Machine Translation (MT) can be regarded as the pearl on the crown of Artificial Intelligence (AI), as people’s first practice of automatic translation from one natural language to another exists even earlier than the invention of digital computer. Major developments of MT went through three phrases: Phrase-based Machine Translation (PBMT), Big-data-based Statistical Machine Translation (SMT), Deep-learning-based Neural Machine Translation (NMT). SMT and NMT are both trained with parallel corpus and their input and output are word sequence, but differences lie that SMT needs word-alignment and n-gram language model, while NMT has a single, large neural network, conducted on real values without symbols.

The new method NMT can greatly improve quality of automatic translation. The evaluation of machine translations adopts either human-metrics or automatic metrics to view the overall performance of MT system, famous ones including BLEU (Papineni et al., 2002), TER (Snover et al., 2006), and Meteor (Denkowski & Lavie, 2011), which judge the quality of machine translations in terms of fluency, fidelity, and so on.

However, in this paper, we try a different way and carry out a case study on a text from academic genre by diachronically identifying and comparing cohesive devices of the text, translated by human and three MT systems, i.e. Google Translate, Baidu Translate, and Bing Translator, in 2016 and 2020, relying on SMT and NMT respectively. Cohesive devices, including reference devices and conjunction devices, are one kind of grammatical errors that can be easily found in machine translations and can greatly influence the coherence of target text. Knowing the linguistic differences between English and Chinese language, the author also tries to outline possible strategies for MT pre-editing and post-editing.

The following two aims are targeted:

1) to compare overall use of cohesive devices by human translator, and three MT systems both in SMT and NMT, identifying particular strengths in terms of cohesive devices for the NMT approach compared with SMT approach, and weakness of both NMT and SMT in handling cohesive devices compared with human translator;

2) to examine if the NMT approach can better translate cohesive devices than SMT approach and examine if human is better at dealing with cohesive devices, hence giving suggestions for machine translation post-editing and pre-editing in terms of achieving cohesion of translated text.

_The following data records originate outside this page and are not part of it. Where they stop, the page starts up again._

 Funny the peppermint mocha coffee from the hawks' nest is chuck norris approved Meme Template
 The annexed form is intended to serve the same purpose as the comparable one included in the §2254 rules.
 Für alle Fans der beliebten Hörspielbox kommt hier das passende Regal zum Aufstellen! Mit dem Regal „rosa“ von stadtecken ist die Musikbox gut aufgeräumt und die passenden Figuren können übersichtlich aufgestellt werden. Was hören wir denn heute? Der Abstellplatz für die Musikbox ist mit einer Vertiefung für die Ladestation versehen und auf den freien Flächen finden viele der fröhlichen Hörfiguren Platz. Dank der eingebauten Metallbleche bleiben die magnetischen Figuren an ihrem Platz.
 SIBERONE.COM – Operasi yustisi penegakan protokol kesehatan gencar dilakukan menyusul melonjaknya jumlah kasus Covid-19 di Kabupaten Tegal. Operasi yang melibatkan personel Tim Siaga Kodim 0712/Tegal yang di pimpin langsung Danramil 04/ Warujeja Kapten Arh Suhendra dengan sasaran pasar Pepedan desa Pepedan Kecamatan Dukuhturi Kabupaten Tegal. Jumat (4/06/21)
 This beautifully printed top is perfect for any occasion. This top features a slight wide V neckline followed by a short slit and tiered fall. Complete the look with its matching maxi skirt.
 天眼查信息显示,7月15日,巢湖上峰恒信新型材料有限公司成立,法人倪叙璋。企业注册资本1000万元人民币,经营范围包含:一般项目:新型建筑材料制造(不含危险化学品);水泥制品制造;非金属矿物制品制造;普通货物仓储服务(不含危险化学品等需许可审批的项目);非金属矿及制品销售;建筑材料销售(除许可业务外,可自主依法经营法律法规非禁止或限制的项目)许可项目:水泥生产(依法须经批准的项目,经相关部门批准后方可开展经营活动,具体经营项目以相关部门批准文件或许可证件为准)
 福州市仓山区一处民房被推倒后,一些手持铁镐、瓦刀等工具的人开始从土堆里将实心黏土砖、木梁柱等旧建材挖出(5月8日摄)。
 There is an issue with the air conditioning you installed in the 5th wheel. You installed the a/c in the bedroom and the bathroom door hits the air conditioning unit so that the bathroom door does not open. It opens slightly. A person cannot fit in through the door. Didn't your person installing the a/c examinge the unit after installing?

MT quality varies a great deal across different language pairs, genres, and domains. Chinese and English are two distinct languages, and automatic translation between the two language pairs underperforms compared with other language pairs such as English to French or Spanish to English. The significance of comparing cohesive devices of Chinese to English translations by different MT systems based on both SMT and NMT approaches outweighs, thus benefiting the development of SMT and NMT systems as well as MT evaluation.

2. Related Works

Limited studies were carried to compare SMT and NMT between Chinese and English in detail, especially through a diachronic way. There was an empirical analysis on Chinese to English news translation done by Microsoft AI & Research center revealed that NMT was at “human parity” compared to professional human translations; however, errors including incorrect words, ungrammatical, missing words, named entity were identified after human analysis, indicating big room to improve the quality even of NMT, the best-state-of-the art at present (Zhou, 2019).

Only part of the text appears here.